GRPC Components
This repo has some experimental components for running services in a dynamic environment inside EC2. It's targeted at grpc-go, but would be easy to adapt to pretty much anything. It's intended to work reliably with litte infrastructure overhead, and without just having one magic shared cert/key everyone uses. The only external dependency is a KV store, which I intend to use S3. S3 is simple, reliable, and likely effective enough for this. Load balancing is handled by the client which eliminates the need for an ELB. Servers generate their own certificates and store the public component in the KV store, to avoid needing a CA infrastructure. This also still allows the revocation of per-server creds, and verifying that the server you connect to is the exact server. Client auth is handled by Instance Identity Documents. This allows us to assert the account ID and instance ID of clients, without requiring any pre-shared state. This means instances can be managed inside an ASG, but not using a long-lasting shared key or other external service. All service discover is done via the KV store (i.e S3), with a model that is forgiving of it's consistency model
The end result should be a way to securely run services inside AWS without any long lasting or shared credentials, without requiring any infrastructure over other than a S3 bucket and some IAM/role policies.
Components
Polling KV Resolver
This is a resolver for the RoundRobin load balancer in GRPC. It
essentially takes a function that will return a list of addresses, and
an interval with which to call this. It will then provide the right
data to the balancer as hosts are added and removed.
// This is the function we'll poll for the current list of servers
lookup := func(key string) ([]string, error) {
if key == "testtarget" {
return []string{"server1.abc.com", "server2.abc.com"}, nil
}
return nil, fmt.Errorf("Unknown target: %q", key)
}
conn, err := grpc.Dial("testtarget",
grpc.WithBalancer(grpc.RoundRobin(kvresolver.New("testtarget", 10*time.Second, lookup))))
Dynamic certs
This is a TLS credential implementation for the server that generates
a self-signed cert on the fly. This will get persisted in a KV
store. The client implementation looks up the cert based on the
address from the KV store, and validates it at the root cert for this
connection.
// store matches a Get/Put/Delete interface.
s := grpc.NewServer(grpc.Creds(kvcertverify.NewServerTransportCredentials(store, address, time.Now().AddDate(0, 0, 1))))
// The client gets the same store.
conn, err := grpc.Dial(address, grpc.WithTransportCredentials(kvcertverify.NewClientTransportCredentials(store)))
Handshake transport auth
This is intended to be a generic component that can be used to perform any kind of handshake over the connection when it's established, but before gRPC consumes it. It can wrap another transport (i.e the dynamic certs).

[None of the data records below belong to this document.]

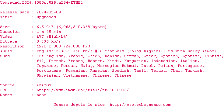 Voir le nfo de la release Upgraded.2024.1080p.WEB.H264-ETHEL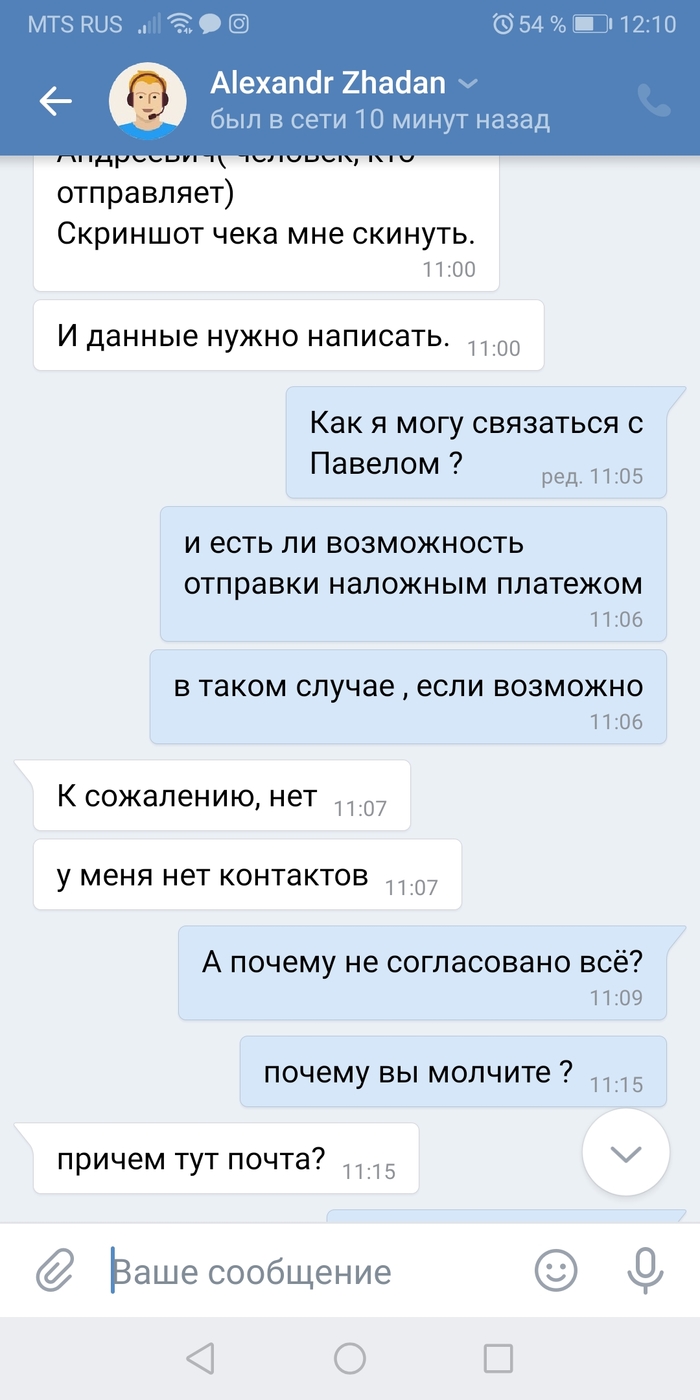 После сообщения "пирчём тут почта", он перестал отвечать на сообщения.
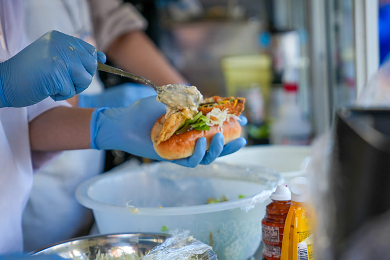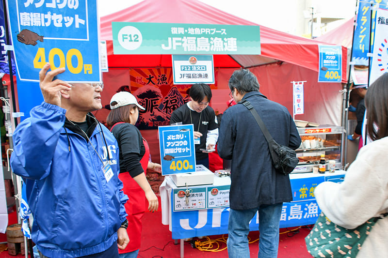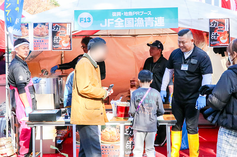「国産水産物料理コンテスト」では全国津々浦々から一次審査を勝ち抜いた8団体が自慢のお魚料理を提供しました。プライドフィッシュや低未利用魚をはじめとした地魚を含む国産水産物、またはその加工品(商品)を使用した郷土料理やオリジナリティ溢れる料理が勢ぞろい!どれから食べるか迷うほどでした。出場者は自慢の料理を提供すべく、仕込みの時間から忙しそうに手を動かしていましたが、インタビューには気さくに応えてくださる方ばかり。「グランプリを獲るために来ました!」と意気込みを語られたり、料理のアピールポイントを話してくださったりと、イベントにかける思いや魚への愛が伝わりました。復興応援・地魚PRブースではJF福島漁連の「メヒカリ・アンコウの唐揚げセット」、三陸わかめ共販推進委員会の「三陸産わかめスープ(三陸産あわび入)」、JF全国漁青連の「オオズワイガニのカニ汁」、を販売。来場した皆様は王道の海鮮料理から珍しい水産物を使った料理まで、各出展者が趣向を凝らした自慢の料理を味わいつつ、悩みながら投票していました。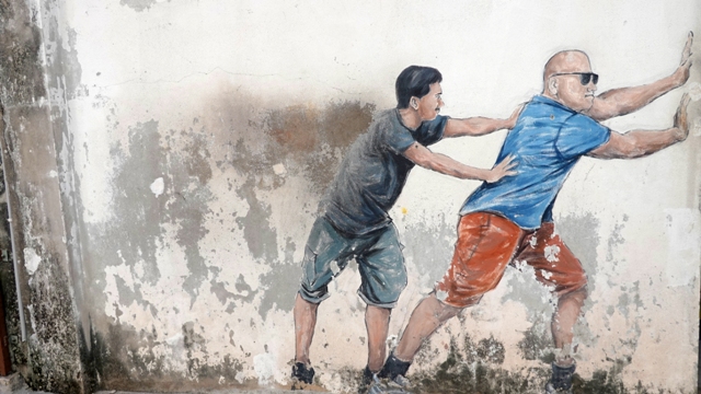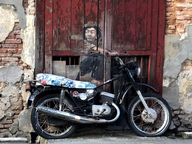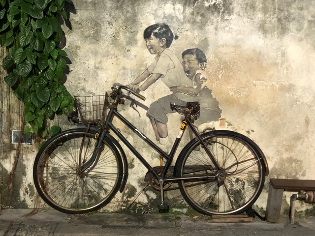 Aprovechando nuestro paseo por el casco histórico fuimos en busca de sus famosos murales de arte urbano, un encargo que hizo el Gobierno de Penang a un estudio de arte para decorar algunas de sus calles, para ello mezclaron objetos tridimensionales de acero , como una bicicleta o una moto vieja para pintar a niños jugando con ellas, es una lástima que algunos ya están bastante deteriorados, pero como podéis ver en las fotos son auténticas obras de arte, según he leído hay 52 murales por todo el casco antiguo, nosotros apenas vimos un par de decenas.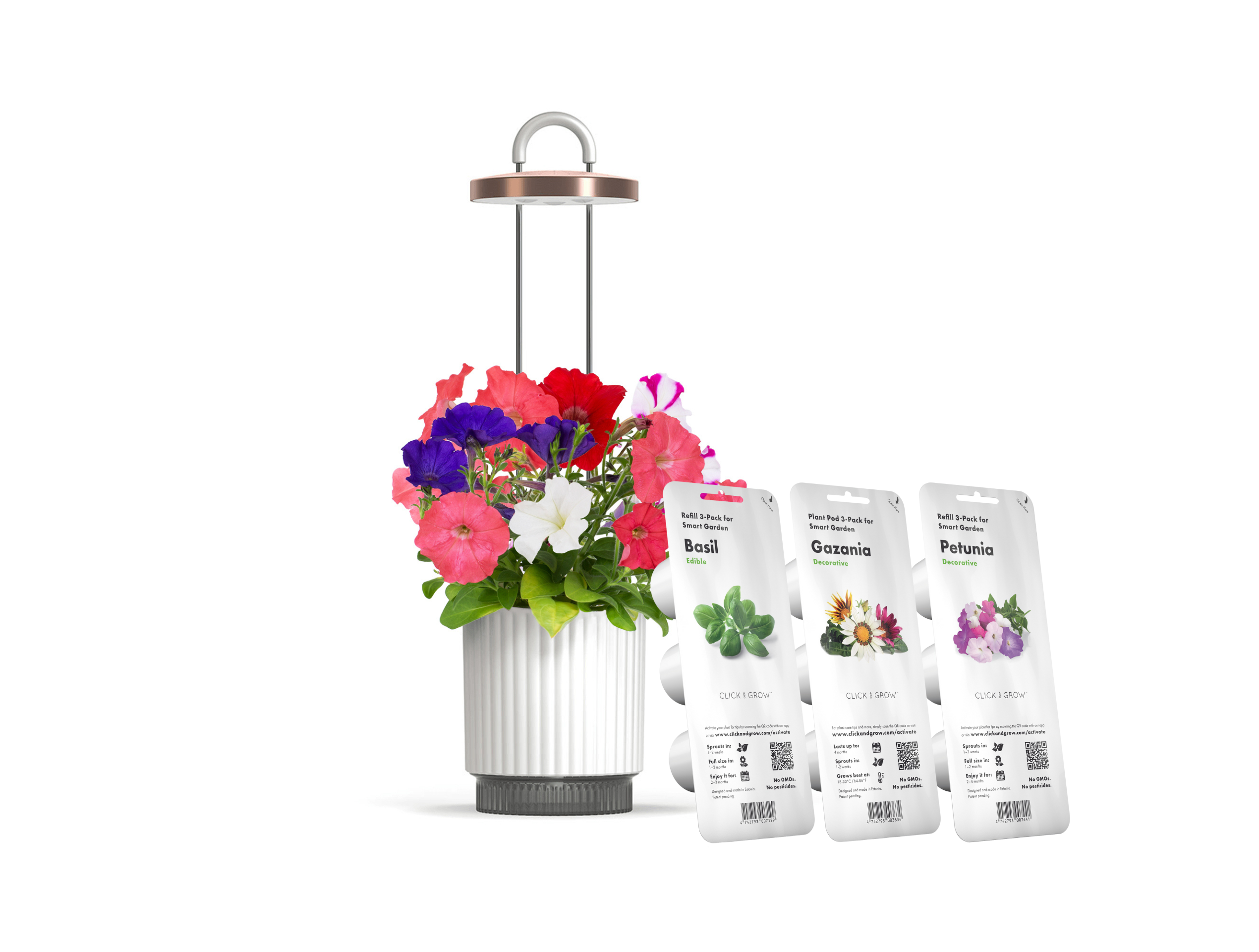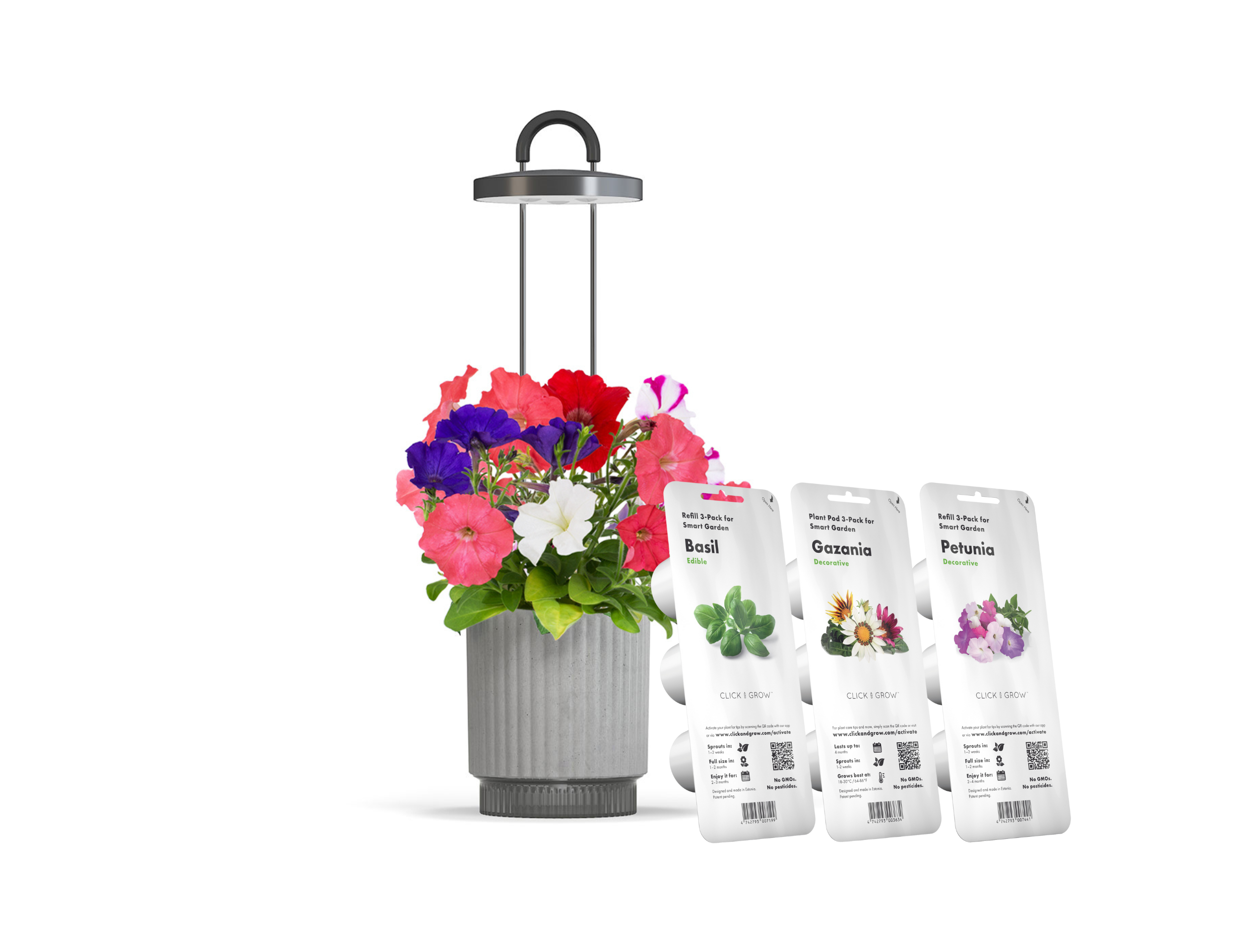 1x Click & Grow Gazania 1x Petunia, and 1x Basil Plant Pod 3-packs.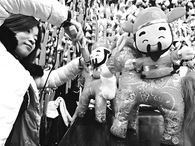 义乌中国小商品城经营户陈惠芳在安装一件马年新春吉祥物。据浙江省义乌市工商局最新统计数据显示,2013年,义乌中国小商品城成交额达683.02亿元,比上一年度净增103亿元,同比增长17.76%,这是义乌中国小商品城成交额自1991年以来连续23年居全国专业市场榜首。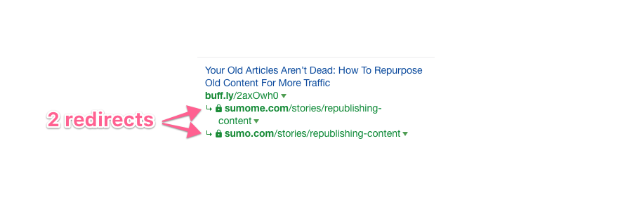 This is how a redirect chain (more than 1 redirect) looks like under the “Anchor and backlink” column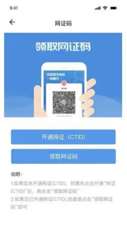7、先点击“开通网证(CTID)” 按钮,然后点击“领取网证码”按钮操作,即可成功申领网证码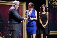 Andy Sale of Ernst and Young presents an award to Sarah Nolen at the 36th College Television Awards at the Skirball Cultural Center in Los Angeles, California, April 23, 2015.
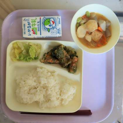 給食の献立は、ちくわのいそべあげ、あつあげとさといものみそ煮、あっさりキャベツ、米飯、牛乳でした。

Instance Identity Document Verification.
Utilities for verifying AWS Instances' Instance Identity Documents. This provides a method to fetch the document and pkcs7 signature fromt the Instance Metadata server, which clients can use to retrive them. It also provides a method to check the document & signature against AWS's Cert, returning relevant fields
// Verify them, returning the document
iddoc, err := VerifyDocumentAndSignature(doc, sig)
if err != nil {
fmt.Println(iddoc.InstanceID)
}
go-metrics Reporting Interceptors
Interceptors that will report stats about the server to a go-metrics registry
s := grpc.NewServer(
grpc.StreamInterceptor(NewStreamServerInterceptor(registry, "p")),
grpc.UnaryInterceptor(NewUnaryServerInterceptor(registry, "p")),
)
h2c
Server and corresponding Dialer types for managing an h2c upgrade over a HTTP 1.1 endpoint.
s := grpc.NewServer()
helloproto.RegisterHelloServer(s, helloH2C{})
srv := &h2c.Server{
HTTP2Handler: s,
NonUpgradeHandler: http.HandlerFunc(http.NotFound),
}
go http.Serve(ln, srv)
conn, err := grpc.Dial(ln.Addr().String(), grpc.WithDialer(h2c.Dialer{}.DialGRPC), grpc.WithInsecure())
Flow design
This is the model I was targeting
Security
The instance identity document security model and code hasn't really been audited or had deep thought put in to it. The concept works in my head, but I need an external opinion and to think about all the risks. The certificate storage is potentially easier to reason about, the model for server verification depends on managing access to write and update to the KV store.